YOUR OBJECTIVE:
Could you restate word for word only the lines below from the one holding "I en silverfärgad" to the one holding "Visit Proof |", inclusive, and leave out the pictures?

TASK INPUTS:
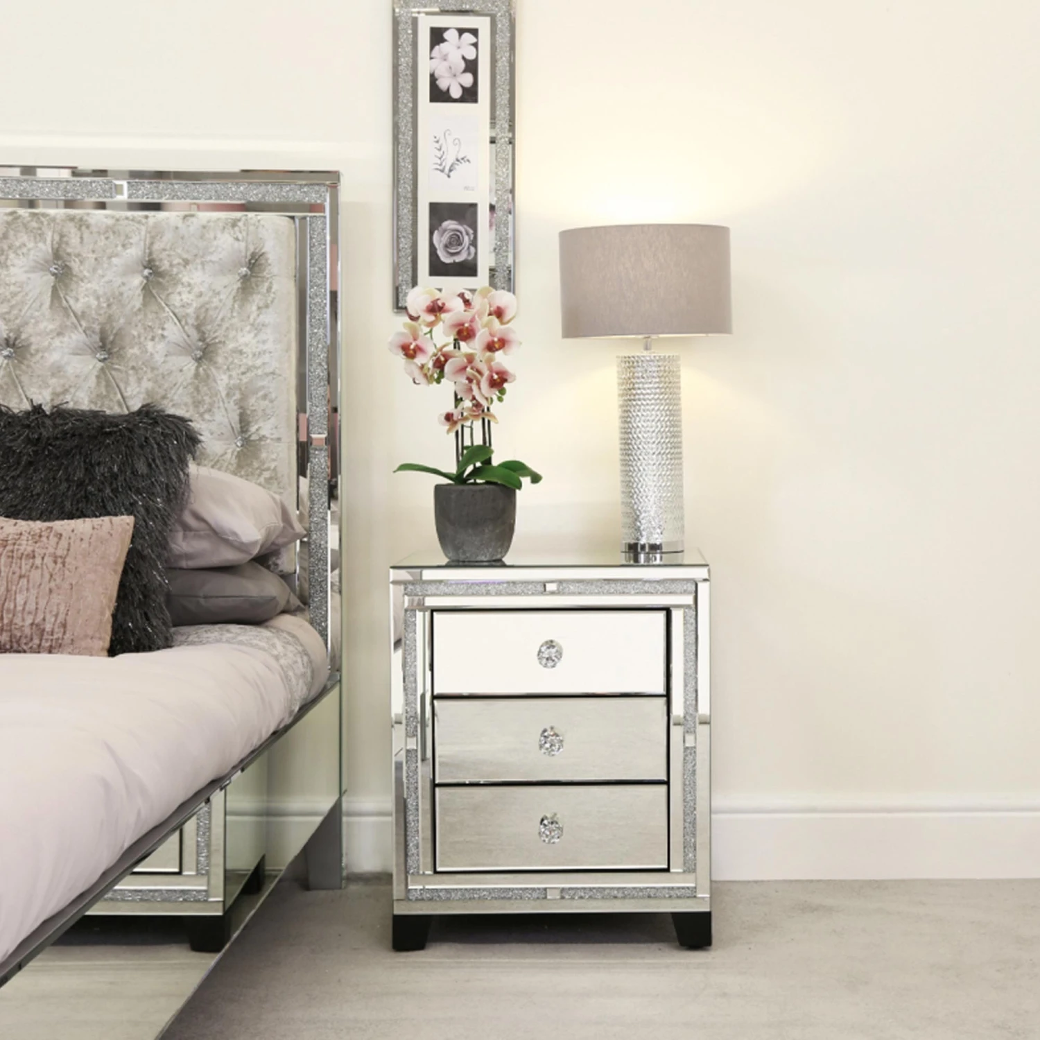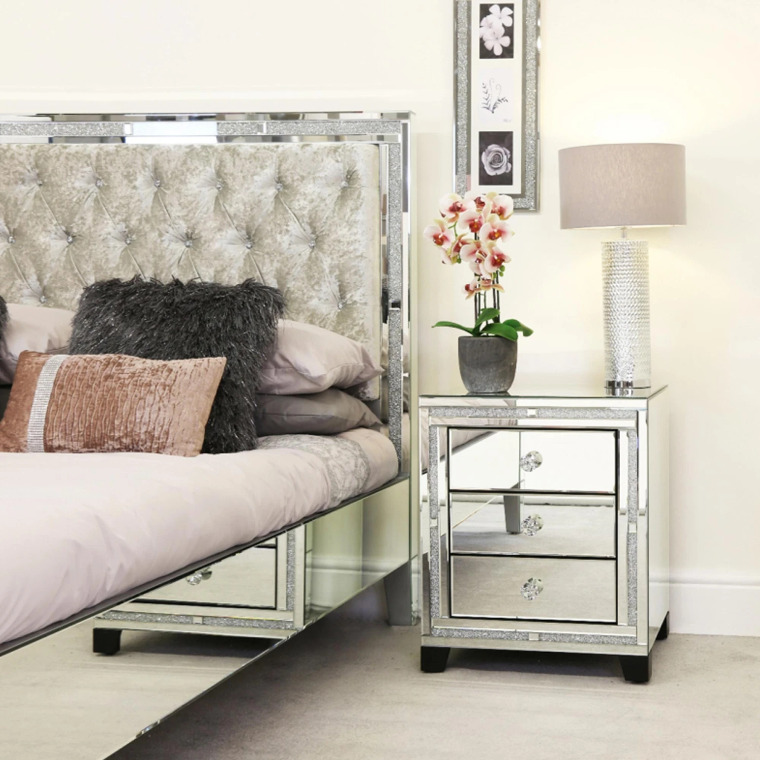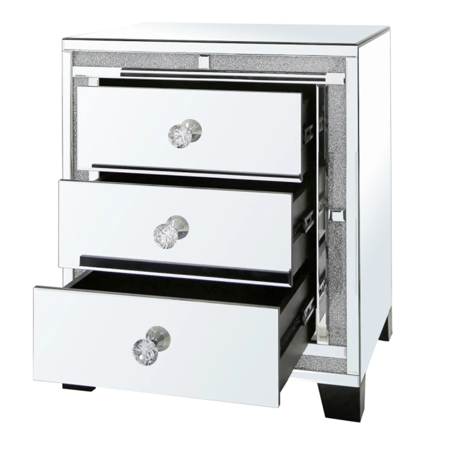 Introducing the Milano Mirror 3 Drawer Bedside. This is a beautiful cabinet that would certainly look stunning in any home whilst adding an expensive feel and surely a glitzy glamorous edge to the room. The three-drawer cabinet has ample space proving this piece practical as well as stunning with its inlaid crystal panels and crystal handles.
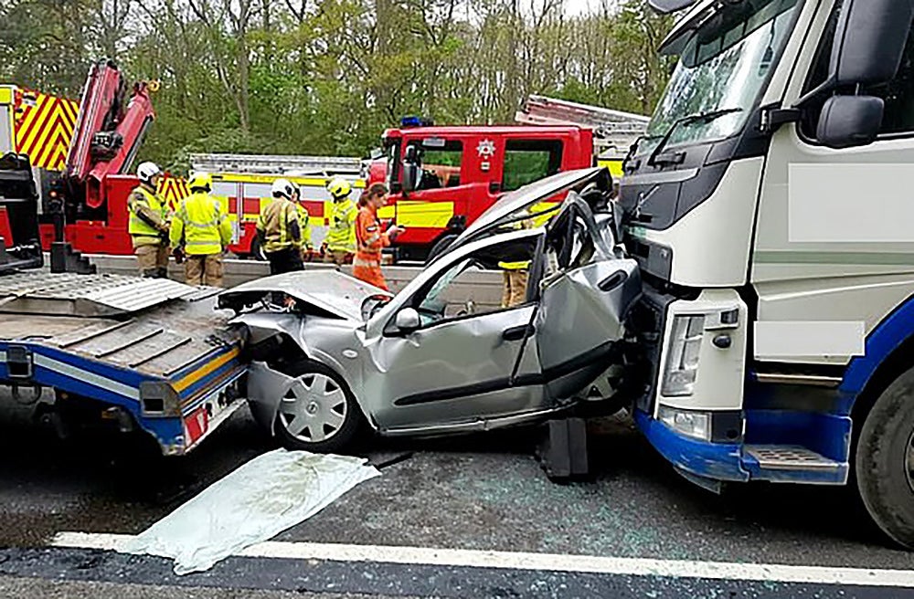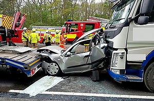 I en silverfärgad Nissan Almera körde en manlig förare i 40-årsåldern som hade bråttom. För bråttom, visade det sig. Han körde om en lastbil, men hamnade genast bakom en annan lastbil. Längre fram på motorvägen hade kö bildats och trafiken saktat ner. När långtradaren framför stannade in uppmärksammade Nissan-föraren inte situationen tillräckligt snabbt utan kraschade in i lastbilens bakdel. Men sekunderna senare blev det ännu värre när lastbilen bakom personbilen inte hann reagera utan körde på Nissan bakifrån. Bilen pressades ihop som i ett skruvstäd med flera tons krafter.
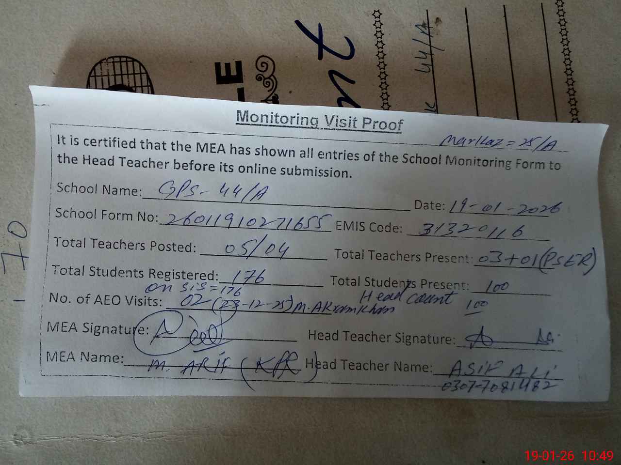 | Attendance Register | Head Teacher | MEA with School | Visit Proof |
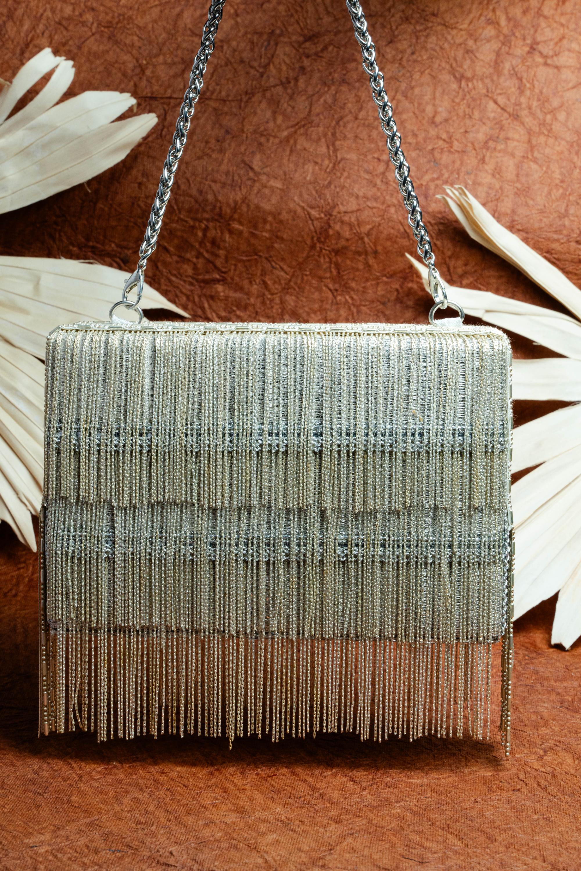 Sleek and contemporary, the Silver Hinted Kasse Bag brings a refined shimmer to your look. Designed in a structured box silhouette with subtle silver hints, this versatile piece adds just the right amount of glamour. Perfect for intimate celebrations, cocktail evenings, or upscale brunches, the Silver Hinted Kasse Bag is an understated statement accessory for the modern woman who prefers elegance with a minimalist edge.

---

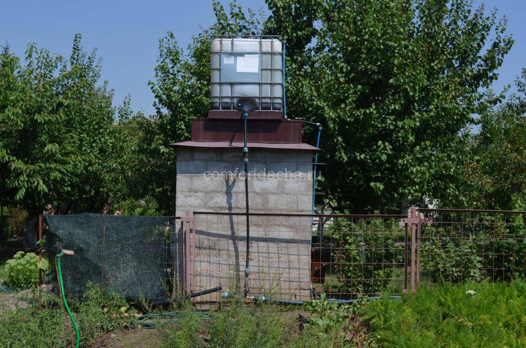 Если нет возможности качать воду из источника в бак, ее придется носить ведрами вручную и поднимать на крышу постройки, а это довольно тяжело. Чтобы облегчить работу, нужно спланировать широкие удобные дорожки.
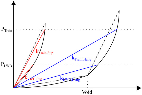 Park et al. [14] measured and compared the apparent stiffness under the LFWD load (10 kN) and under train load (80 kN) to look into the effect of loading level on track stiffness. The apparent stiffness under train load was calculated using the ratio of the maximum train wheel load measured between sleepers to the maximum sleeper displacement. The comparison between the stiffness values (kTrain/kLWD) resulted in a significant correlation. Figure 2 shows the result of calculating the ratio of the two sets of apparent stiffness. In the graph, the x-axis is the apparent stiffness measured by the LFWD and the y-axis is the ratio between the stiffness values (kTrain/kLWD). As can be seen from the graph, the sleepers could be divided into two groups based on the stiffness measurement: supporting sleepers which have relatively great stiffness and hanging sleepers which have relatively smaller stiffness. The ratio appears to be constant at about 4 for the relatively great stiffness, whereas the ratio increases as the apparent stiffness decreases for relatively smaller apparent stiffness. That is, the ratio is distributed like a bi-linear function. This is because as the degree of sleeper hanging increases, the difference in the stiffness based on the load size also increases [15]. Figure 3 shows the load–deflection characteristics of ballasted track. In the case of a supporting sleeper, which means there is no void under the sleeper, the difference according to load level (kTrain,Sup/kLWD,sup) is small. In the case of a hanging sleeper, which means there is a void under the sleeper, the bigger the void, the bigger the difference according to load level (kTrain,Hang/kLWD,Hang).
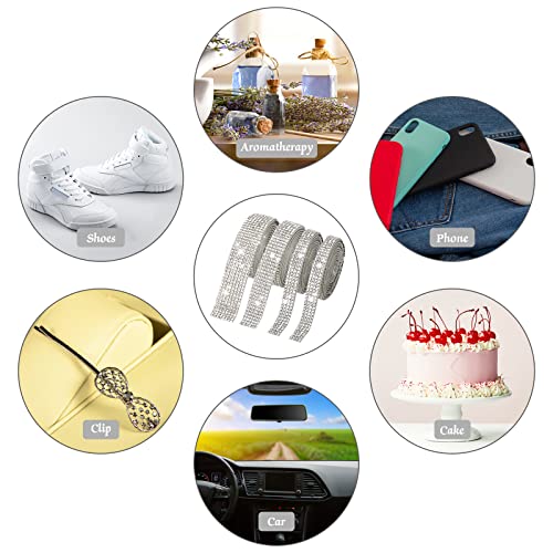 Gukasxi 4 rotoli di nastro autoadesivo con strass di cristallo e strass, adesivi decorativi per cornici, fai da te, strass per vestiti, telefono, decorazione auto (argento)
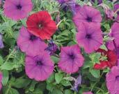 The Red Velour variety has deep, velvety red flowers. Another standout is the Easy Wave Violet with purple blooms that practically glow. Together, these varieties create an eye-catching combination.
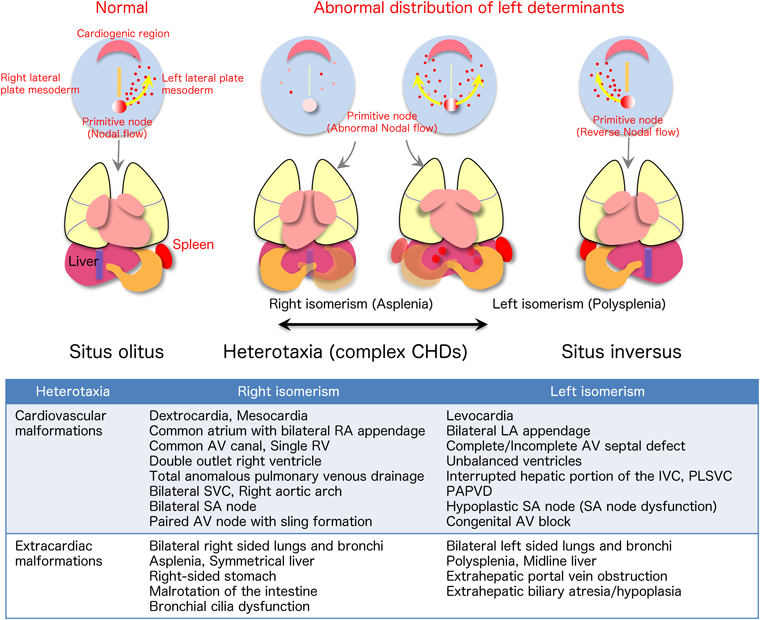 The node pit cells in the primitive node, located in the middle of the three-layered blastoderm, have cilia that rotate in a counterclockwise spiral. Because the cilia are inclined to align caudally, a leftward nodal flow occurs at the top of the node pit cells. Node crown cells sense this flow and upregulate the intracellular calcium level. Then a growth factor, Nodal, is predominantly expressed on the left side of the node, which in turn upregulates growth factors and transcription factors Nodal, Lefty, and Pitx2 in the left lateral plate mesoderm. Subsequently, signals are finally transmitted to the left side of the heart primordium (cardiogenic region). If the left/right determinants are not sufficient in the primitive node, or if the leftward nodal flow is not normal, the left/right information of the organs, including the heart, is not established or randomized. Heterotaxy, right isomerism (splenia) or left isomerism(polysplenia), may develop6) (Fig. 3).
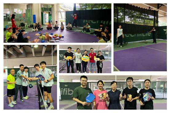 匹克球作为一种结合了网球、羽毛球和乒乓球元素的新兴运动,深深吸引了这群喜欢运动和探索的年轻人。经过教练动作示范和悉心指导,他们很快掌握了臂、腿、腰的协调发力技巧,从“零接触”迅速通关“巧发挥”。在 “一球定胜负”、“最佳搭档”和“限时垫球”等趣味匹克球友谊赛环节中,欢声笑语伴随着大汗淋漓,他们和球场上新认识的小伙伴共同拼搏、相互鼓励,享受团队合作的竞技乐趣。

* * *

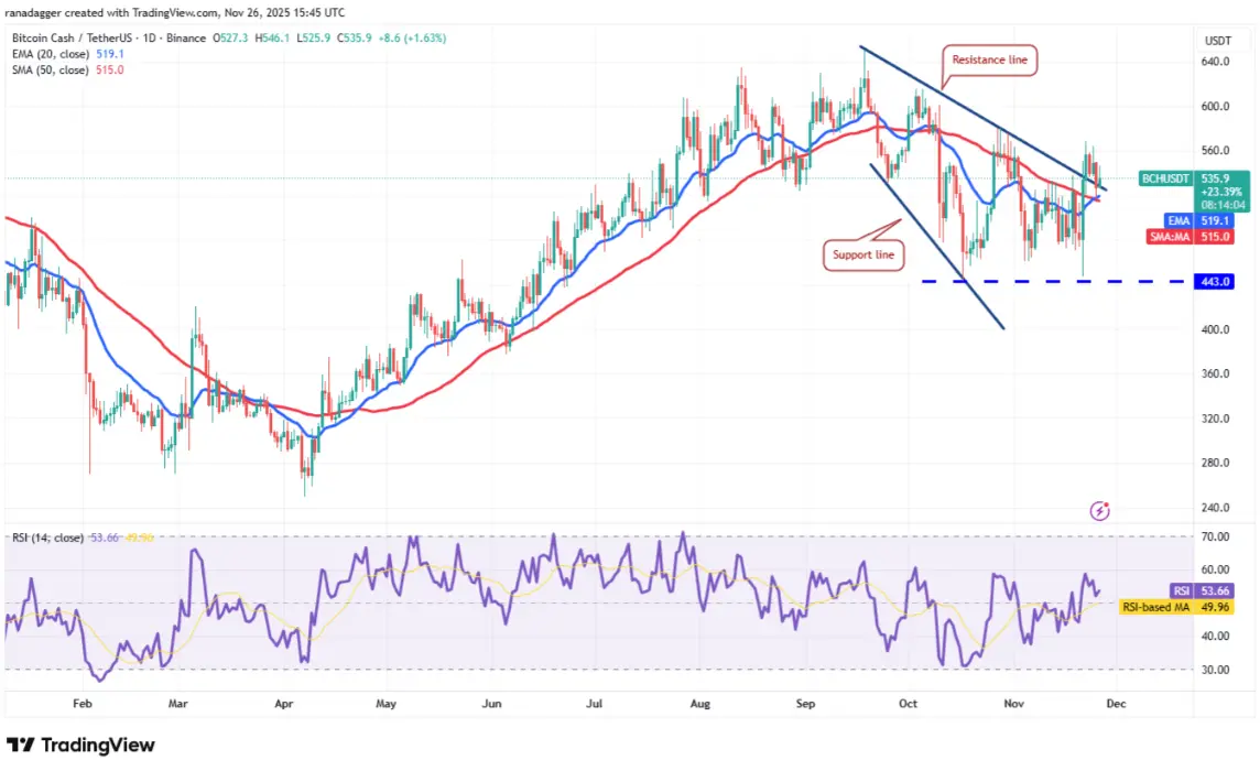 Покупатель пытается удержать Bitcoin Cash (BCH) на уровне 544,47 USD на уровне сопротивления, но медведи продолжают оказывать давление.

ANSWER BOX:
 I en silverfärgad Nissan Almera körde en manlig förare i 40-årsåldern som hade bråttom. För bråttom, visade det sig. Han körde om en lastbil, men hamnade genast bakom en annan lastbil. Längre fram på motorvägen hade kö bildats och trafiken saktat ner. När långtradaren framför stannade in uppmärksammade Nissan-föraren inte situationen tillräckligt snabbt utan kraschade in i lastbilens bakdel. Men sekunderna senare blev det ännu värre när lastbilen bakom personbilen inte hann reagera utan körde på Nissan bakifrån. Bilen pressades ihop som i ett skruvstäd med flera tons krafter.
 | Attendance Register | Head Teacher | MEA with School | Visit Proof |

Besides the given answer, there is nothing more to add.